Designing an efficient security framework for detecting intrusions in virtual network of cloud computing
Introduction
Cloud computing has grown for various IT applications such as IoTs, Mobile Computing, Smart IT, etc. Network virtualization is a key enabler of the growing cloud computing technology. It allows to run multiple independent virtual networks over the shared infrastructure. As shown in Fig. 1, the cloud has mainly three different networks such as; virtual network, internal network and external network. The virtual network allows a communication among VMs on same physical server. Through the internal network, different cloud components such as management systems, storage systems, network servers, etc., can communicate with each other. The external network is a primary interface between the front end (cloud user) and back end (cloud service provider). All these networks make a successful provisioning of cloud services to the users. However, the vulnerabilities in the existing network technologies, and the distributed and dynamic nature of cloud pose various security concerns. For instance, the sharing of network infrastructure increases the vulnerabilities in DNS servers, DHCP, IP, ARP protocols, etc. In addition, the virtual network has many vulnerabilities like vSwitch software bugs, poor network isolation between VMs, open ports, insecure network channels, and poor design and bugs in network protocols (Chowdhury and Boutaba, 2009). The successful exploitation of such vulnerabilities leads to many attacks like Denial of Service (DoS) attacks, port scanning, sniffing, spoofing, network probing, etc.
In literature (Modi, Patel, Borisaniya, Patel, Rajarajan, 2013a, Modi, Patel, Borisaniya, Patel, Patel, Rajarajan, 2013b, Subashini, Kavitha, 2011), various security issues at different layers of cloud computing have been investigated and it is recommended to extend or reinvestigate the traditional security solution for securing cloud computing. Recently, many network attacks such as IP spoofing, Ransomware, Cryptomining, Data breach, DoS/DDoS attacks have targeted the private as well as public cloud services. The Microsoft Security Intelligence Report states that the number of account sign-ins attempted from malicious IP addresses are increased by 44% during first quarter of 2016 to first quarter of 2017.1 The cloud services such as Microsoft Azure are frequently targeted to compromise VMs and other services. It was observed that over two-thirds of the attacks on Azure services in the first quarter 2017 are performed from China. In May 2017, the worse ransomware attack “WannaCry” was performed on the National Health Service (NHS) in UK2. It infected over 0.3 million computer systems within just four days at NHS by scanning the connected LANs and WANs. Skybox Security Incorporation states that poor configuration is a key source of security risk in cloud networks.3 In February 2018, Tesla’s Amazon Web Services (AWS) cloud system was maliciously accessed via a vulnerable Kubernetes console through malicious cryptomining.4 In addition, many cyber threats are evolving, and cloud servers are the major target. In May 2017, a data breach on OneLogin affected 1.4 billion records on cloud servers.5 In July 2017, Equifax credit reporting agency in U.S. detected and blocked suspicious network activities associated with a consumer web portal. The security vulnerability (CVE-2017-5638) in Apache Struts was exploited to perform such malicious activity and over 145.5 Million accounts were hacked.6
Recently, many DoS/DDoS attacks are reported. In January 2016, BBC experienced the biggest DDoS attack which took the BBC’s global website down7. In February 2018, the code hosting GitHub website was hit with the largest DDoS attack8. In general, public cloud services are potentially targeted through DDoS attacks. It is observed that the magnitude of such attacks is increased with time and technologies. In last decade, the DDoS attack rate is increased from 70 GBps to 1.35 TBps.

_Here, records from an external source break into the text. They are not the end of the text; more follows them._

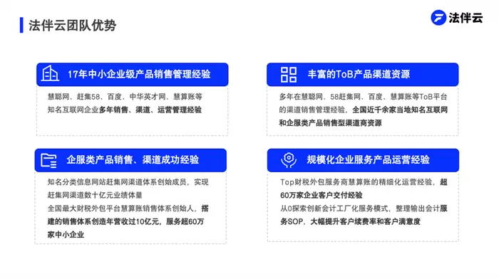法伴云的创始团队在企业服务营销、交付、加盟商扶持上拥有着丰富的实战操盘经验。在营销方面,团队成员均来自于京东、百度、58赶集、慧算账、慧聪网等TO B类平台,拥有丰富的营销及运营经验;在交付上,团队成员拥有规模化的企业服务产品交付经验,为超过60万家企业客户交付,他们建立了完善的服务交付和管理体系,确保交付质量;在代理商扶持上,团队拥有全国近千家当地知名互联网和企服类产品销售型渠道商资源,能快速形成规划和品牌效应,帮助加盟商快速熟悉市场、制定营销策略、提高业务水平,为代理商提供了全方位的支持和帮助。
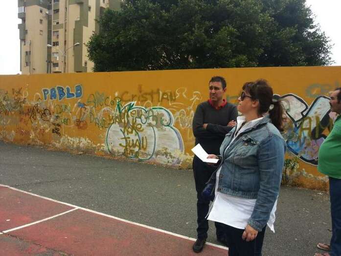 Los concejales también tuvieron ocasión de contemplar el lamentable estado del parque público, que carece de equipamiento de ningún tipo, como bancos o marquesinas, y cuya pavimentación está llena de malas hierbas mientras que las palmeras ofrecen una imagen desoladora, de total abandono por parte del servicio de Parques y Jardines .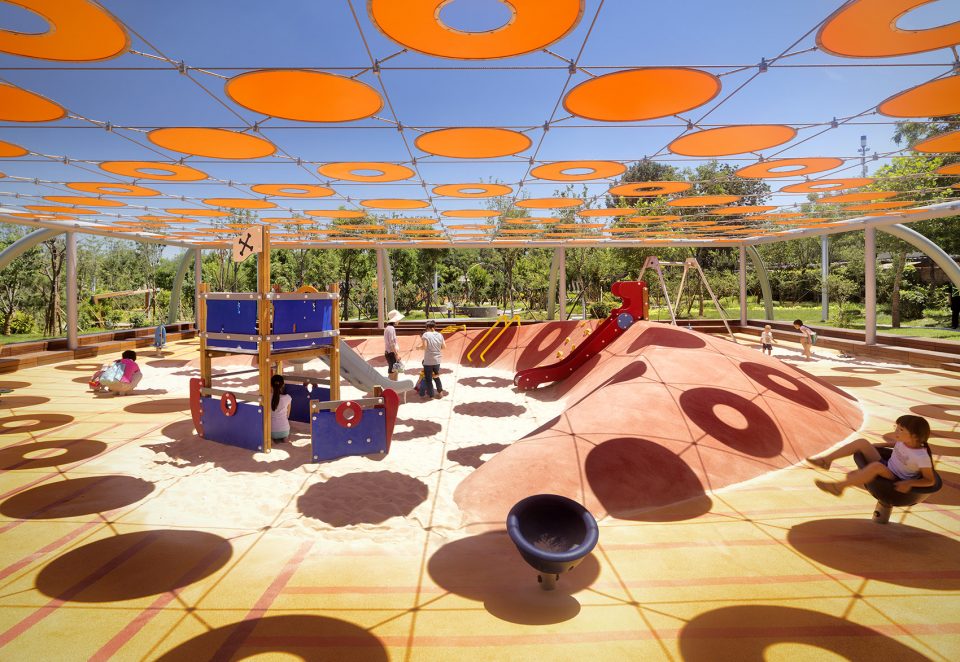 第一個(gè)游樂場(chǎng)是一個(gè)與景觀完美相融合的正方形區(qū)域。這個(gè)場(chǎng)地由木制長(zhǎng)椅圍合成一個(gè)微微下沉的地塊空間。這種為家長(zhǎng)提供的休憩空間也劃定了場(chǎng)地的界限,為孩子們創(chuàng)造了一個(gè)安全的游戲區(qū),讓他們可以盡情地玩耍。為了進(jìn)一步增強(qiáng)圍合感和保護(hù)感,橙色圓盤構(gòu)成的天蓬懸浮在人們的頭頂上。這些圓盤在柔軟的游樂面上投射了一層棋盤狀的陰影,為孩子們遮擋陽光,驅(qū)逐炎熱。

One of the traditional solutions to the above security problems is to deploy a firewall in the virtual network. However, the firewall works at a network boundary, and thus, it cannot detect the insider attacks (Modi et al., 2013b). Although the network intrusion detection system (NIDS) as another solution works well in the traditional networks, its deployment in the cloud is a major challenge (Modi and Acha, 2017). If NIDS is deployed at each VM, it can detect intrusions for that VM only, and thus, it is required to deploy multiple instances of NIDS. However, managing multiple NIDSs is a complex process. NIDS on each physical server can help to inspect network traffic of all the VMs through the vSwitch. However, it should have a fast detection capability to handle high network traffic. NIDS on the physical switch can help to inspect the traffic destined for all the physical servers. However, VM to VM traffic cannot be monitored and thus, insider attacks cannot be detected. In addition, single NIDS may fail to detect the coordinated or distributed attacks in the cloud due to the distributed and shared nature of the cloud. Here, it is required to deploy NIDS on each physical server and alerts from each server should be correlated with the reduced computational and communication overhead.
To address the above problems, we propose a hypervisor level distributed network security (HLDNS) framework which is deployed on each physical server of the cloud. It monitors the VM related traffic originated to and from the virtual network, internal network and external network. For intrusion detection, it incorporates the feasible feature selection and machine learning technique. We have extended the bio-inspired binary bat algorithm (BBA) (Mirjalili et al., 2014) by incorporating two new fitness functions for deriving the feasible features from cloud network traffic since network features play a major role in accurate detection of the intrusions. The fitness function can be the accuracy of a classifier or a correlation technique deriving a relationship between feature and a class label. We have considered both accuracy and feature-class label relationship parameters individually through Feature Similarity-based Fitness Function (FSFF) and Classifier Accuracy based Fitness Function (CAFF) respectively to derive the optimal features. The results of FSFF and CAFF are combined to get the final set of features. The derived features from cloud network traffic are applied to Random Forest (Breiman, 2001) classifier for detecting the intrusions and generating the alerts. For the performance evaluation and feasibility analysis, the proposed HLDNS framework is tested on cloud testbed at NIT Goa by performing different network attacks and using recent UNSW-NB15 (Moustafa and Slay, 2015) and CICIDS-2017 (Sharafaldin et al., 2018) intrusion datasets. The performance results are compared with the existing research works and validated the fulfillment of network security requirements in the cloud.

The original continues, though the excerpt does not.